HAP medium was the same as the basal medium of Chen and Russell
(9), except that cysteine-HCl (0.6 g/liter) replaced
Na2S · 9H2O and tryptone and Casamino
Acids (Difco, Detroit, Mich.) were added at 15 g/liter each to replace
Trypticase. Purified agar (2% [wt/vol]; Difco) or high-purity
agarose (1% agarose MP; Boehringer Mannheim N.Z., Ltd., Auckland, New
Zealand) was used to solidify media.
Rumen sampling and enumeration of HAP bacteria.
Rumen
samples were collected from four fistulated animals of each ruminant
species sampled. Samples were taken from lactating Freisian dairy cows
grazing on a mixed ryegrass-clover pasture at the Dairying Research
Corporation in Hamilton, New Zealand. Samples were also taken from
castrated Red deer and Romney wethers grazing on mixed ryegrass-clover
pastures at the Department of Animal Sciences at Massey University and
AgResearch Grasslands, respectively, both in Palmerston North, New
Zealand.
Grab samples were taken from both the raft and the liquid phase of cow
and deer rumen contents, while samples from sheep were taken directly
from the rumen contents adjacent to the fistula.
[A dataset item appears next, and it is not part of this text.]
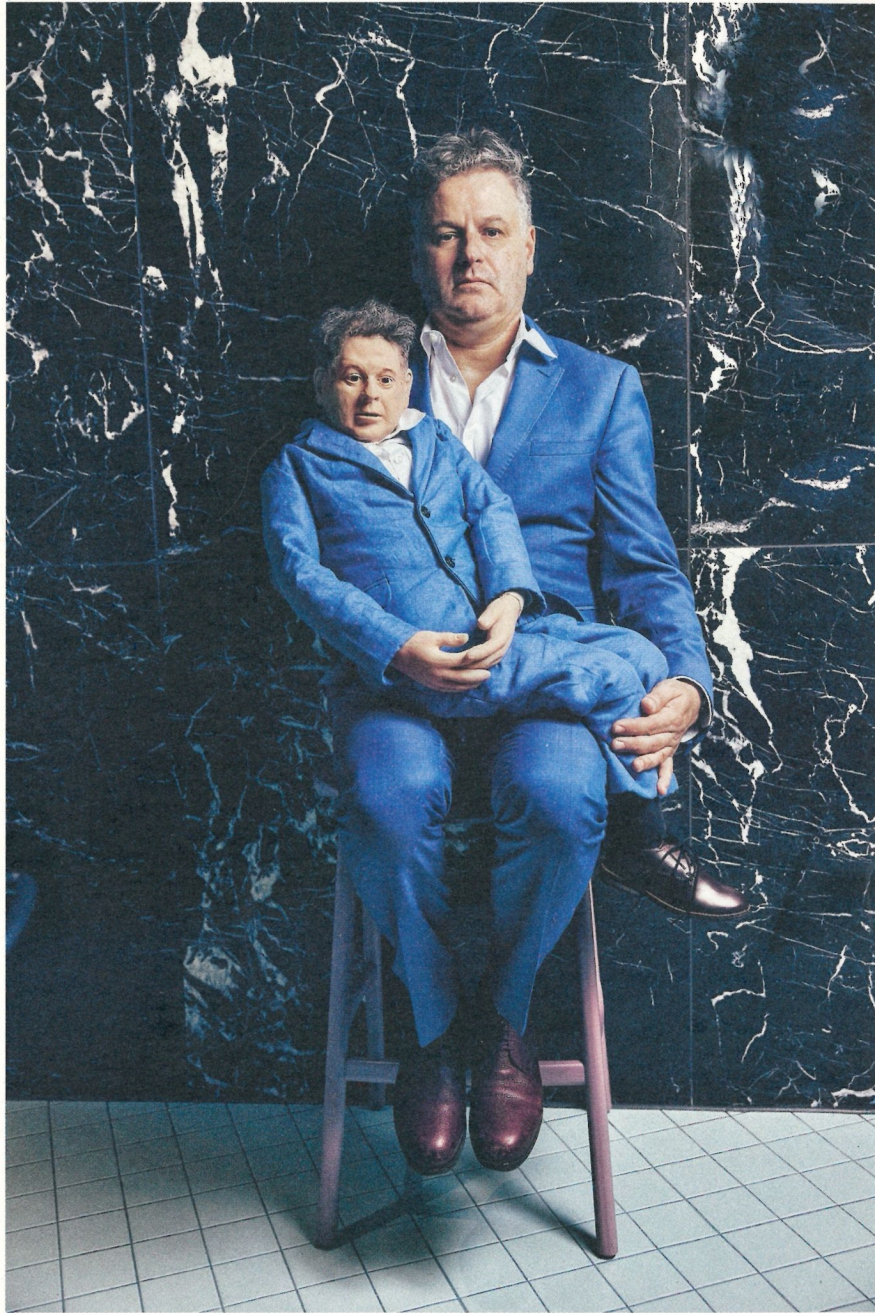
Der Architekt mit der Puppe, 2018, Fotoserie, 25hours Hotel The Circle, Köln

Samples were placed in
plastic screw-cap containers, where their pH was recorded with a
portable pH meter. A further sample was taken from each animal and
squeezed through two layers of cheese cloth, and 50 ml of the fluid was
collected and acidified for NH3 determinations. The samples
were taken immediately to the laboratory, where 100 g of each was
mixed with 100 ml of anaerobic mineral salts buffer (2) and
blended for 1 min in a Waring blender under a CO2
atmosphere. One milliliter of the treated sample was diluted in 9 ml of
anaerobic diluent (6) and then serially diluted in both HAP
and CC broths. Appropriate dilutions were mixed with corresponding
molten agar medium, mixed, and rolled into roll tubes. Roll tubes were
incubated at 39°C and counted after colonies had finished appearing
(usually 3 to 4 days). Dilution broths were incubated overnight and
used as enrichments for subsequent isolation of HAP bacteria.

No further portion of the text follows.